Free and open to the public
Harris Corporation Engineering Center, Room 101A
It is know that specific molecules can spontaneously arrange on various surfaces forming two-dimensional poly-crystalline mono-molecular layers called self-assembled monolayers (SAMs). We will show that when mixed SAMs are formed on surfaces with a radius of curvature smaller than 20 nm they spontaneously phase-separate in highly ordered phases of unprecedented size. In the specific case of mixed SAMs formed on the surface of gold nanoparticles, the molecular ligands separate into 5 wide phases of alternating composition that encircle or spiral around the particle metallic core. This new family of nano-structured nano-materials shows properties solely due to this unique morphology, both in terms of fundamental properties such as surface energy and in terms of complex interaction with biological materials such as proteins and cells. Additionally, it will be shown how patterned DNA SAMs can be used as masters for a novel printing technique for organic materials called Supramolecular NanoStamping (SuNs).
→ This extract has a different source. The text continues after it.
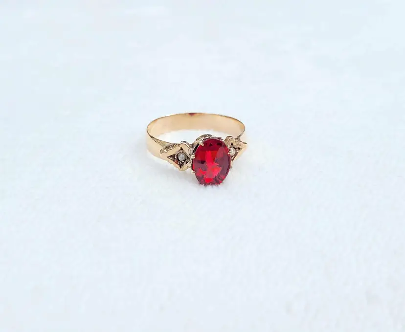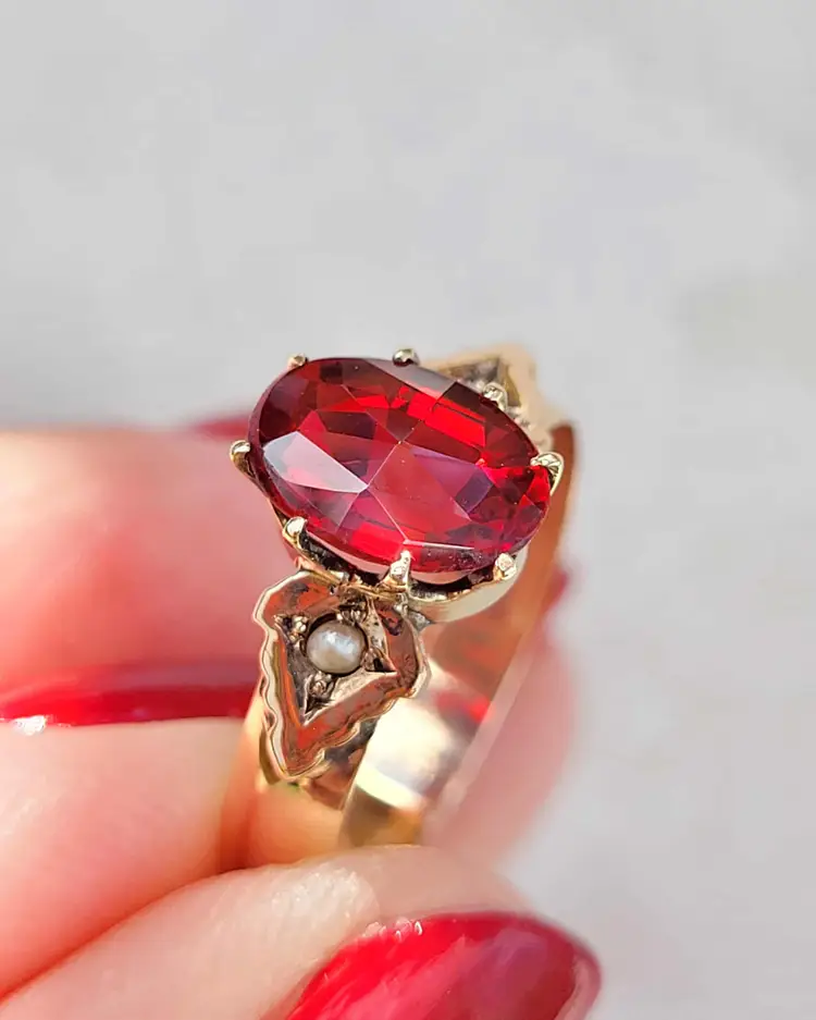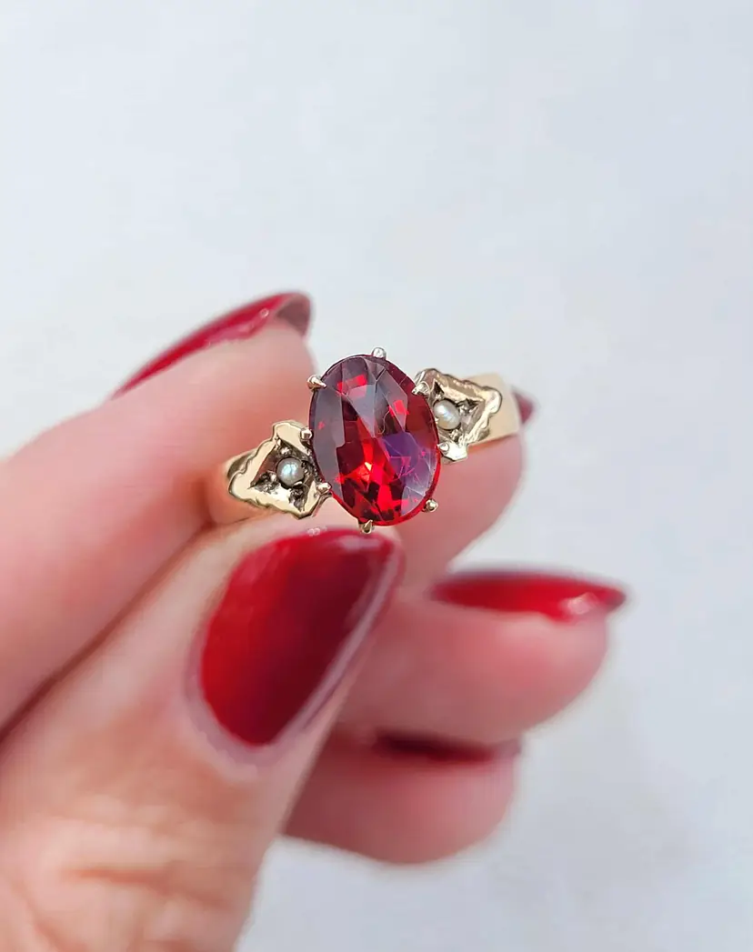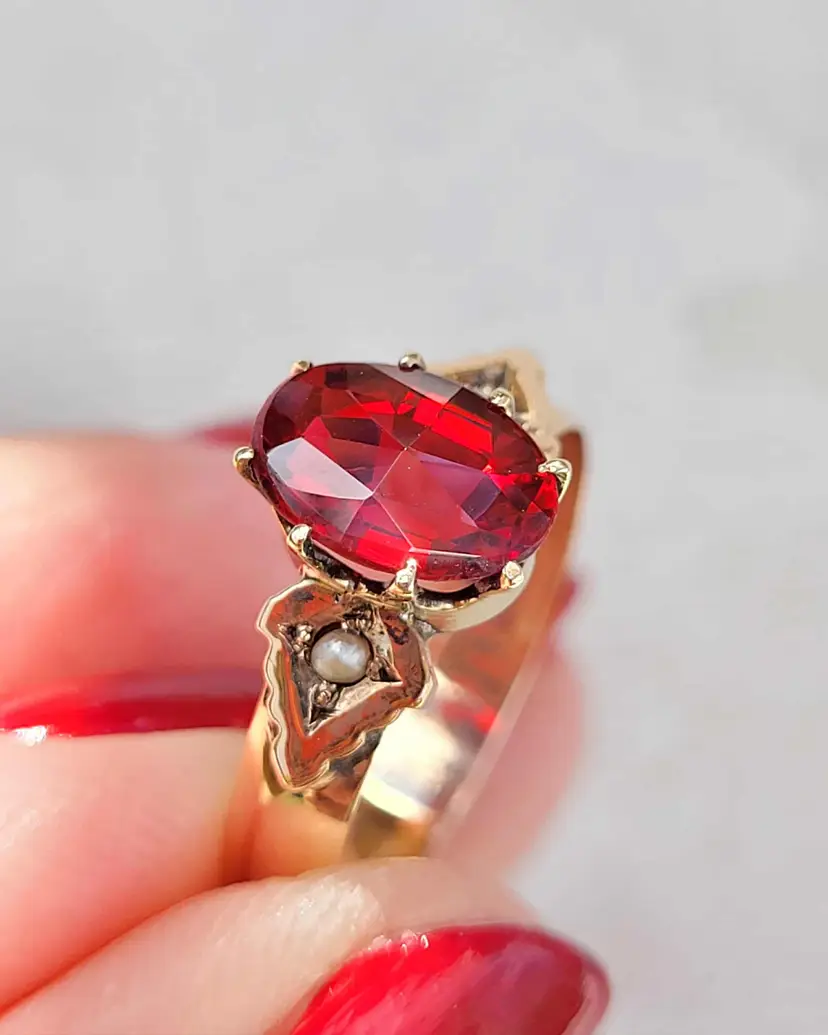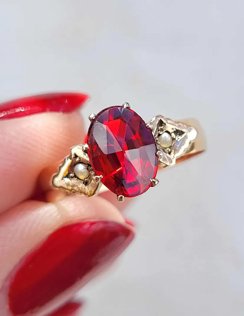 Gorgeous 10k yellow gold Victorian ring, featuring the most vibrant cherry red garnet I've ever seen, with a little seed pearl on either side. The garnet has a really interesting cut that's almost rose cut at the top, letting more light in. The gemstone is verified via Presidium tester and Spectrometer. The metal content is unmarked but it tests as solid 10k via Auracle tester and acid testing, and it does have an inscription inside the band. It is in good condition. Please see pictures for details, does not include my ring box.

This method, like the DNA/RNA information transfer, uses the reversible assembly of DNA double strands as a way of transferring patterns from a surface onto another. One of the main advantages of SuNs is that multiple DNA strands (each encoding different information) can be printed at the same time, thus allowing for a complex chemical pattern to be formed, much like Gutenberg movable type.
Francesco Stellacci graduated the Politecnico di Milano in 1998 with a thesis on photochromic materials. He then moved to the University of Arizona as a post-doctoral scholar and worked on two-photon microfabrication of three dimensional metallic structures. In September 2002 he is a faculty in the Department of Materials Science and Engineering at MIT, where he currently is an associate professor.